Thank you. [Operator Instructions] Our first question comes from Anthony Petrone with Jefferies.

Thanks and good morning everyone. One on OTREXUP and then a couple on Teva. On OTREXUP, you have announced a few initiatives here, launch of additional doses and a new pricing strategy as well. So, I am just wondering what your expectations are going forward once this new strategy is in place? And then specifically, on gross to net spreads, do you see a widening there from the new pricing strategy going forward? And then I will just have a couple of follow-ups on Teva.

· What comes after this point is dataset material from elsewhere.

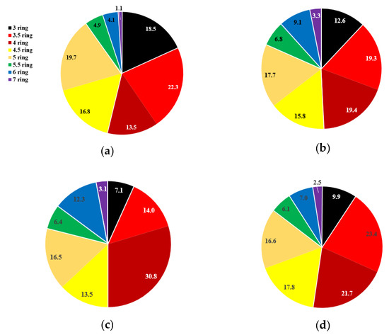 Percent of different ringed PAHs for each season: (a) Winter, (b) Spring, (c) Summer, and (d) Fall.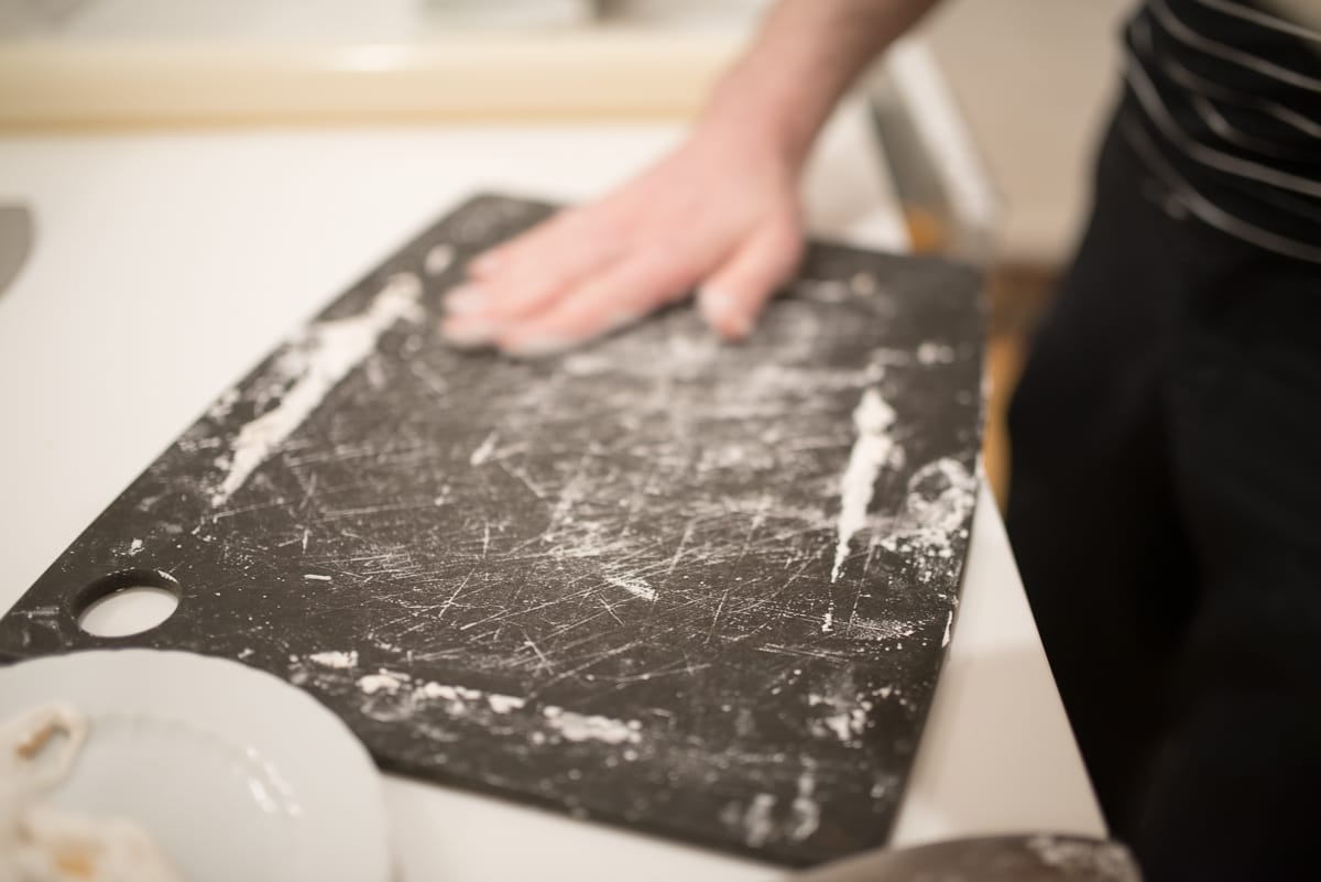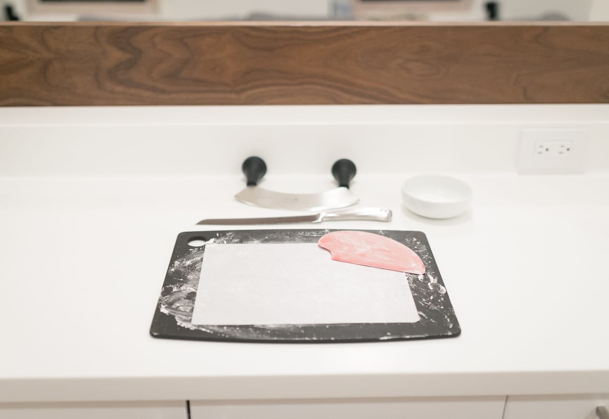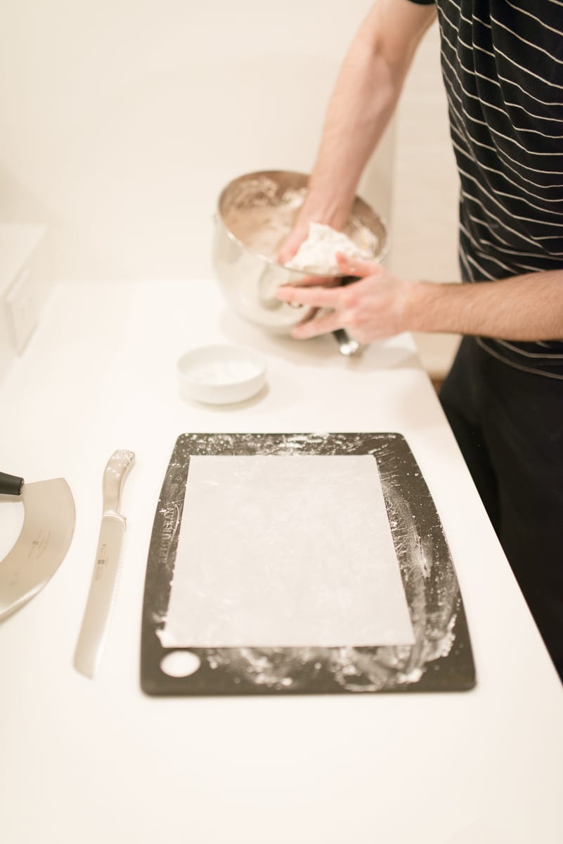 Have a bowl of cornstarch nearby for quickly re-coating things, especially your hands, in the heat of the moment. Dust your bowl scraper and cutting board in cornstarch also.

So, Anthony it’s Jim Fickenscher. So I think maybe a little bit of a misunderstanding it’s not that we have a completely new pricing strategy. I think what we have talked about is that there are some payer strategies that we have – that we are looking at, implementing this quarter, have started. These are more around making sure that where we have good coverage in place. The representatives are able to communicate effectively with the doctors to make sure the patient’s prescription can get filled. So, it’s not that we have decided to get a lot more aggressive with the discounts that we are offering. So, I think that we should continue to see our expectation will be to continue to see the gross to net spreads similar to what it’s been in the last quarter to two.

Great. Maybe the benefit from the new doses on volumes?

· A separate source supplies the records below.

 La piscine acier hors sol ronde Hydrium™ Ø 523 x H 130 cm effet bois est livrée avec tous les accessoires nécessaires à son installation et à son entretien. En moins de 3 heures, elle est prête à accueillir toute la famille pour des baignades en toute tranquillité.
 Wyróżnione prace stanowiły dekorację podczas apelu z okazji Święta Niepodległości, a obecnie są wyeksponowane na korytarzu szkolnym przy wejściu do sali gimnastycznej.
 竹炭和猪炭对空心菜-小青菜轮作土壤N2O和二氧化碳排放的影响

Yes. So, I will take that. The news pens were really brought on to allow the doctor to be able to titrate. Originally, we had – the most used dose was 20 milligram and the doctor would either go to 25 milligram or go back to 15 milligram. And depending on what they found in side effects, it sometimes was a challenge. So, what we are able to do is bring in doses that could have the doctor titrate more effectively to reduce the side effects, if there are any or to see increased efficacy if they want to go up in those incremental doses. So, again, we always believe we had the appropriate doses, but this has allowed the doctor to be – to focus on individual care at the patient level and really titrate them to try to get to the best effective dose for that individual patient. And so we think that it could help the doctors improve their care and we believe it will help stimulate some growth in the products.

Helpful. And then just on Teva and I will hop back in. Maybe just an update on timing for Forteo multi-dose pens in terms for development when that will begin? Is that later this year? It sounds like it could be. And then just a high level one on Teva the company is sort of marching toward the close of Actavis generics. And if you look at that portfolio specifically, it does contain a number of specialty generic injectable products. I think they call out 50 products in total. So, if that deal does close, do you see an opportunity for expansion of the relationship with Teva? Thanks.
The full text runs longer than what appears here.